- TO DO -
What you give back from the listing below should be an exact copy of the lines from the one with "随后,台上全体领导将精心编制" down to the one with "XANAD Hard Case", and it should contain no pictures.

- LISTED ENTRIES -
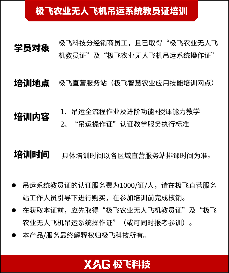 极飞农业无人飞机吊运系统教员认证培训服务
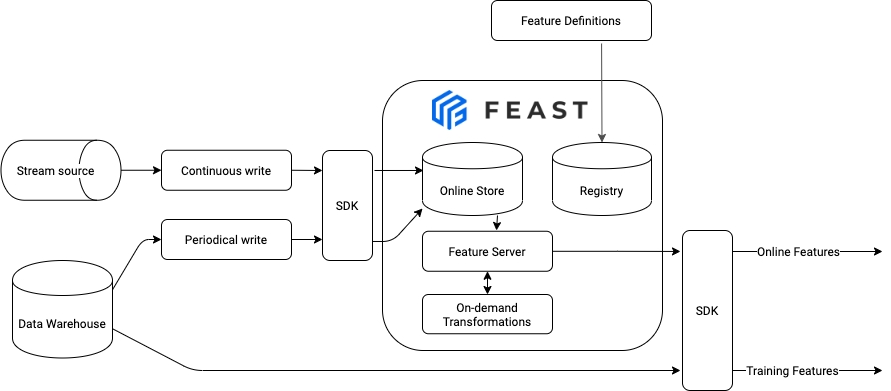 For example, you might not have a stream source and, thus, no need to write features in real-time to an online store. Or you might not need to retrieve online features. Feast also often provides multiple options to achieve the same goal. We discuss tradeoffs below.
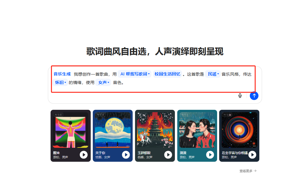 按照固定句式 “我想创作一首歌曲,用AI帮我写歌词 [描述歌词要表达的主题]。这首歌是 [描述风格] 音乐风格,传达 [描述快乐、悲伤、兴奋等] 的情绪,使用 [可选择男声或者女声] 音色”,在输入框中准确填写你的创作需求。例如 “我想创作一首歌曲,用AI帮我写歌词关于校园生活回忆。这首歌是民谣音乐风格,传达怀旧的情绪,使用女声音色” 。
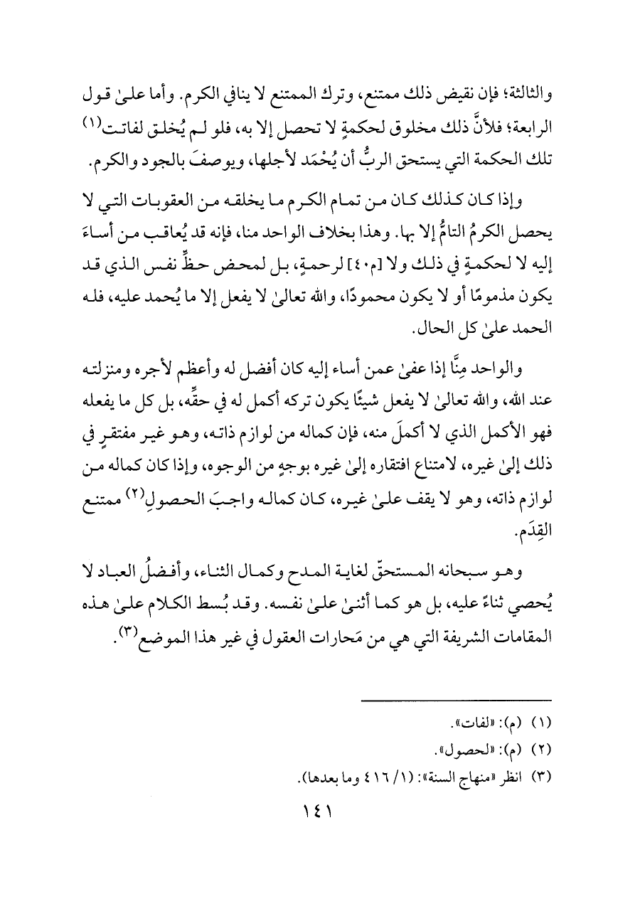 وإذا كان كذلك كان من تمام الكرم ما يخلقه من العقوبات التي لا يحصل الكرمُ التامُّ إلا بها. وهذا بخلاف الواحد منا، فإنه قد يُعاقب من أساءَ إليه لا لحكمةٍ في ذلك ولا [م ٤٠] لرحمةٍ، بل لمحض حظِّ نفس الذي قد يكون مذمومًا أو لا يكون محمودًا، والله تعالى لا يفعل إلا ما يُحمد عليه، فله الحمد على كل الحال.
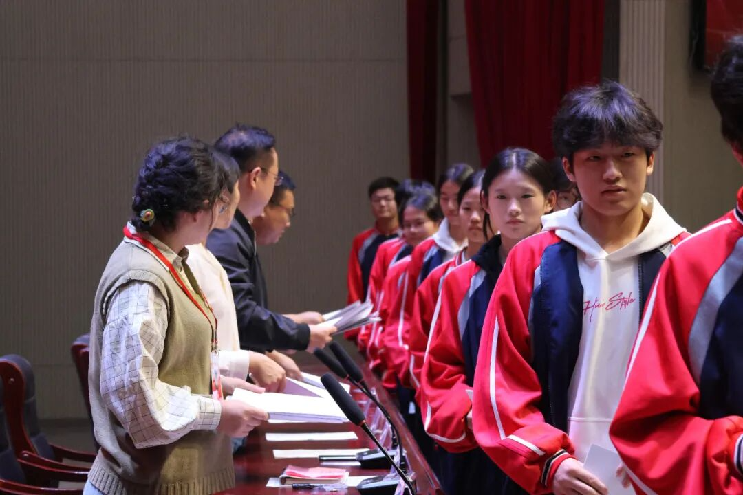 随后,台上全体领导将精心编制的学员手册发放给入团积极分子。手册内容涵盖了团的历史、团章知识、团员义务与权利以及培训课程安排等重要内容,是同学们此次培训的重要学习资料。
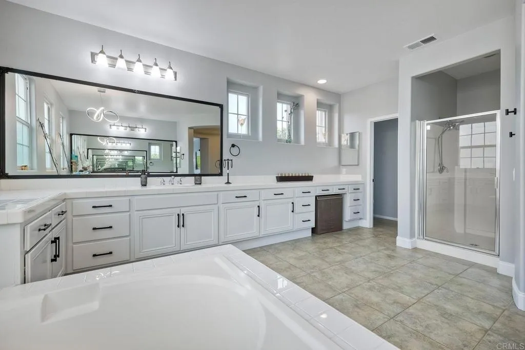 Fully FURNISHED rental with SOLAR and TESLA charger. An ideal location for traveling nurses, medical professionals, executive, or insurance-related relocations or long term tenancy. Stunning 4BD/3BA executive home in San Marcos, gated community, minutes from CSUSM, shopping, dining, and Kaiser Medical Center! Dog friendly! This meticulously upgraded property features an open layout and spacious gourmet kitchen that seamlessly flows into the family room and elegant formal living/dining spaces. You will love the abundance of natural light throughout! One bedroom (with queen bed) and bathroom are on the first floor. On the second floor, you will find a luxurious primary suite that offers a tranquil retreat, while two additional bedrooms share a full bath on the opposite side of the second floor. There is one King bed in the primary and two Queen beds in the extra rooms. Enjoy modern conveniences like an indoor laundry room (washer and dryer included), a 2-car garage, ample storage, and the added perk of a Tesla charging port. Embrace sustainable living with solar, minimizing energy costs! Step outside to discover an enchanting entry courtyard and lushly landscaped backyard and unwind amidst the serene mountain views. Entertain effortlessly on the expansive patio equipped with a built-in grill, refrigerator, gas fire pit, and soothing fountains. Perfect for pet owners, this home is dog-friendly and has a prime location near a community dog park. Revel in the vibrant neighborhood atmosphere while remaining conveniently close to CSUSM, CA-78, shopping, dining, and top-rated restu
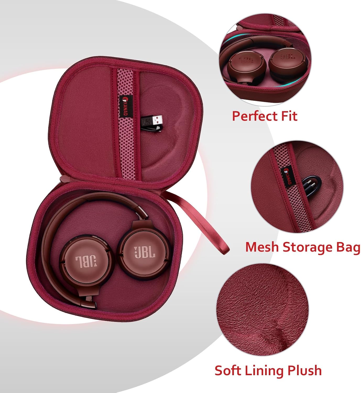 XANAD Hard Case for JBL Tune 510BT / 520BT / 660NC / 670NC / 570BT / 500BT / 500 / JBL Live 460NC / Soundcore H30i Bluetooth Headphone (Wine Red)
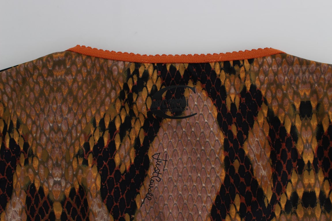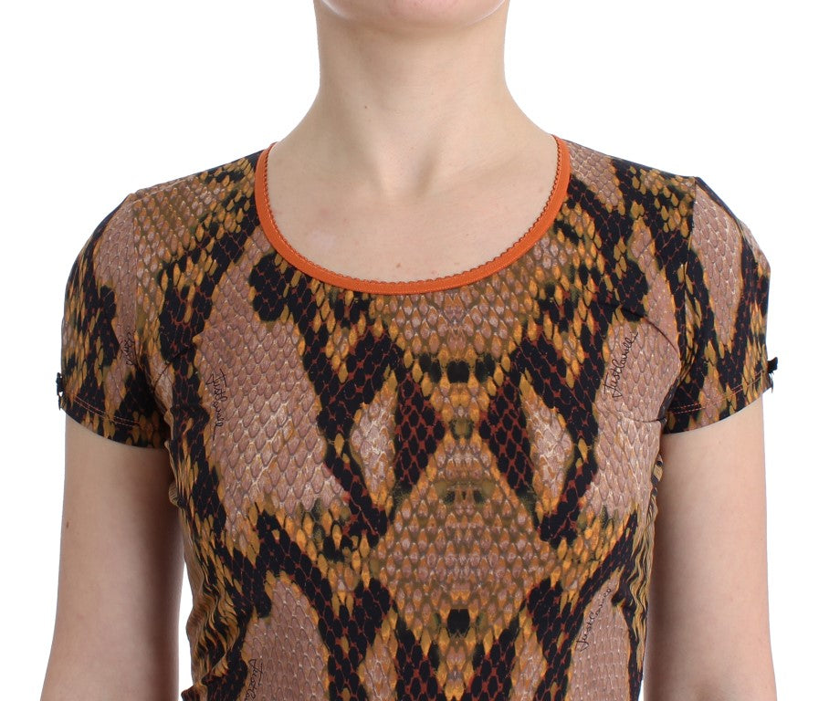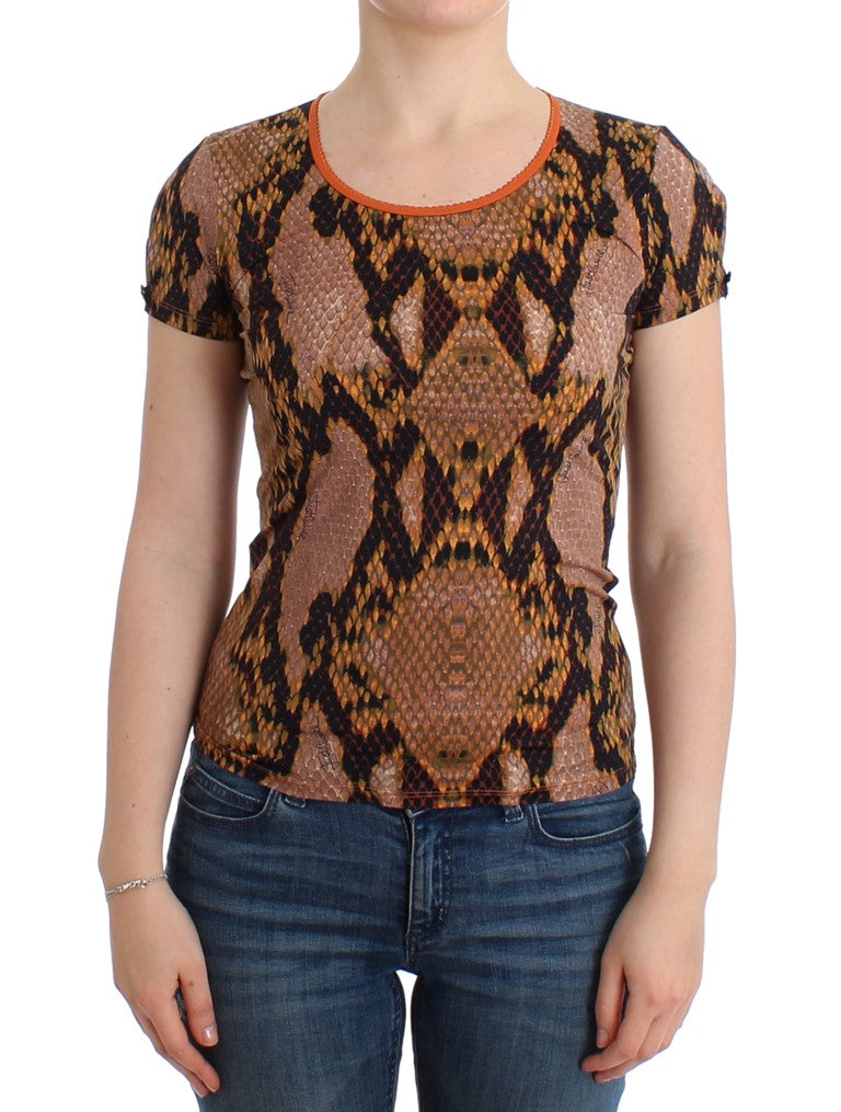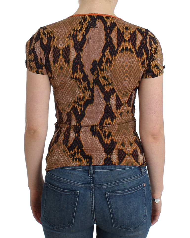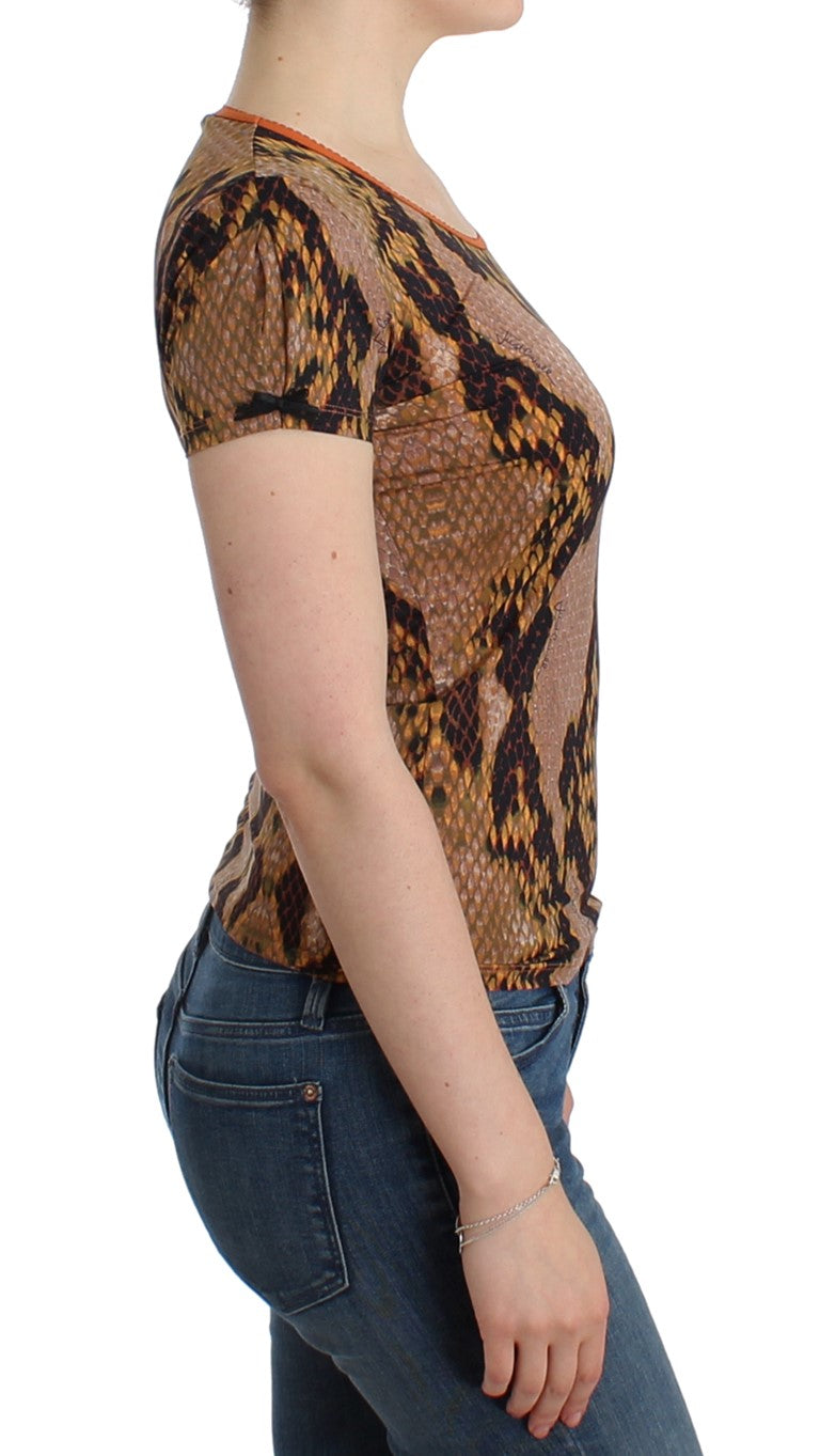 Immerse in the wild elegance with this stunning Snake Print Crewneck T-shirt from Cavalli. With its striking brown and orange snake print design, this top is a statement piece that blends contemporary style with a touch of exotic charm. Crafted with a luxurious blend of polyamide and elastane, it ensures a flattering, comfortable fit that moves with you. Perfect for adding a bold twist to your wardrobe, it comes brand new with tags and packaged in the original store bag, guaranteeing authentic Cavalli excellence.
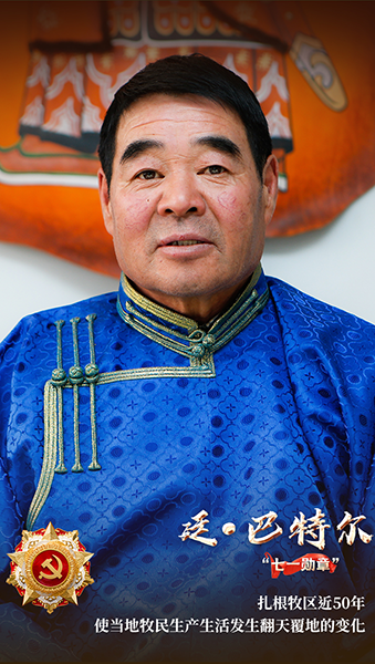 66歲的廷·巴特爾跟草原和牧民打了大半輩子交道。上周,他在人民大會(huì)堂金色大廳領(lǐng)獎(jiǎng)臺(tái),戴上了代表黨內(nèi)最高榮譽(yù)的“七一勛章”。
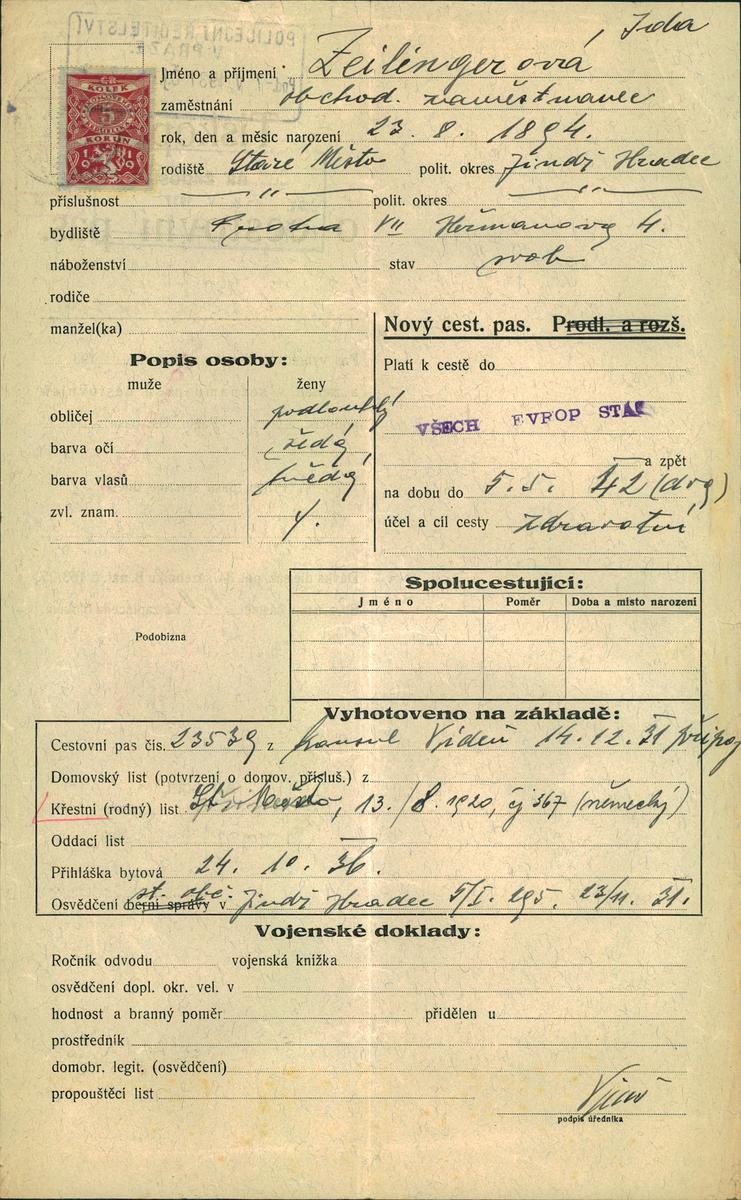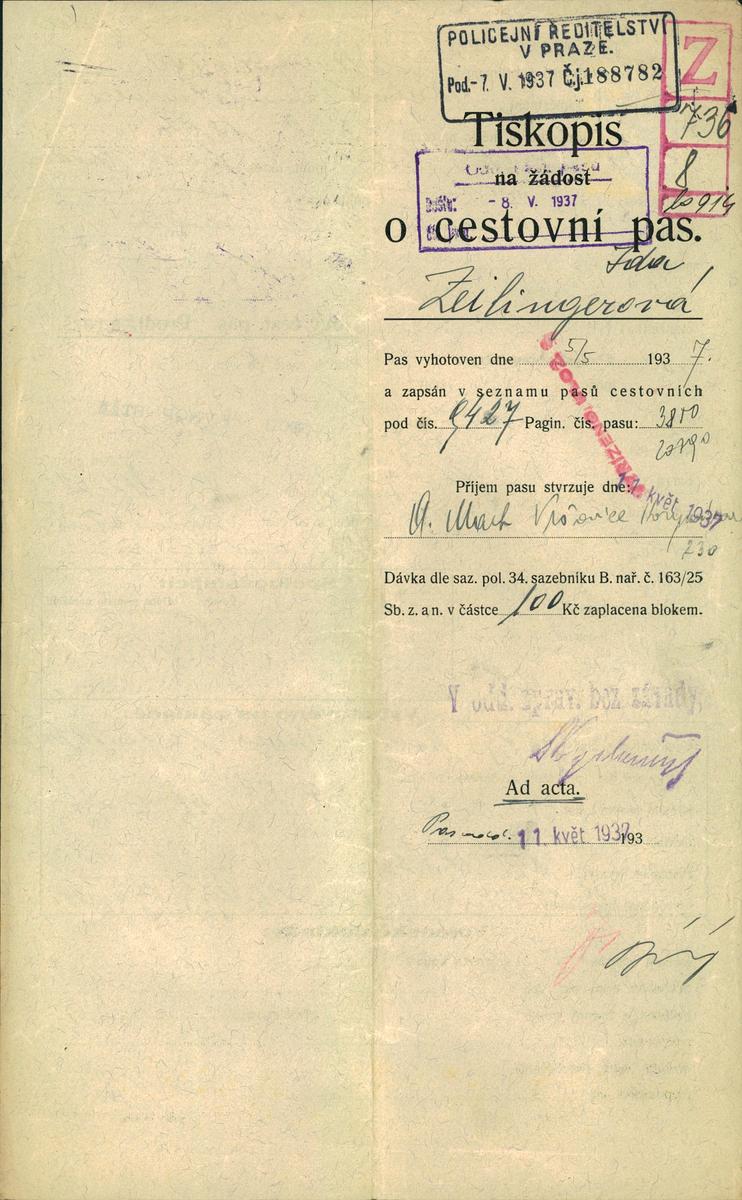 Zeilingerová Ida: Žádost o vydání cestovního pasu

- WRITTEN RESPONSE -
 随后,台上全体领导将精心编制的学员手册发放给入团积极分子。手册内容涵盖了团的历史、团章知识、团员义务与权利以及培训课程安排等重要内容,是同学们此次培训的重要学习资料。
 Fully FURNISHED rental with SOLAR and TESLA charger. An ideal location for traveling nurses, medical professionals, executive, or insurance-related relocations or long term tenancy. Stunning 4BD/3BA executive home in San Marcos, gated community, minutes from CSUSM, shopping, dining, and Kaiser Medical Center! Dog friendly! This meticulously upgraded property features an open layout and spacious gourmet kitchen that seamlessly flows into the family room and elegant formal living/dining spaces. You will love the abundance of natural light throughout! One bedroom (with queen bed) and bathroom are on the first floor. On the second floor, you will find a luxurious primary suite that offers a tranquil retreat, while two additional bedrooms share a full bath on the opposite side of the second floor. There is one King bed in the primary and two Queen beds in the extra rooms. Enjoy modern conveniences like an indoor laundry room (washer and dryer included), a 2-car garage, ample storage, and the added perk of a Tesla charging port. Embrace sustainable living with solar, minimizing energy costs! Step outside to discover an enchanting entry courtyard and lushly landscaped backyard and unwind amidst the serene mountain views. Entertain effortlessly on the expansive patio equipped with a built-in grill, refrigerator, gas fire pit, and soothing fountains. Perfect for pet owners, this home is dog-friendly and has a prime location near a community dog park. Revel in the vibrant neighborhood atmosphere while remaining conveniently close to CSUSM, CA-78, shopping, dining, and top-rated restu
 XANAD Hard Case for JBL Tune 510BT / 520BT / 660NC / 670NC / 570BT / 500BT / 500 / JBL Live 460NC / Soundcore H30i Bluetooth Headphone (Wine Red)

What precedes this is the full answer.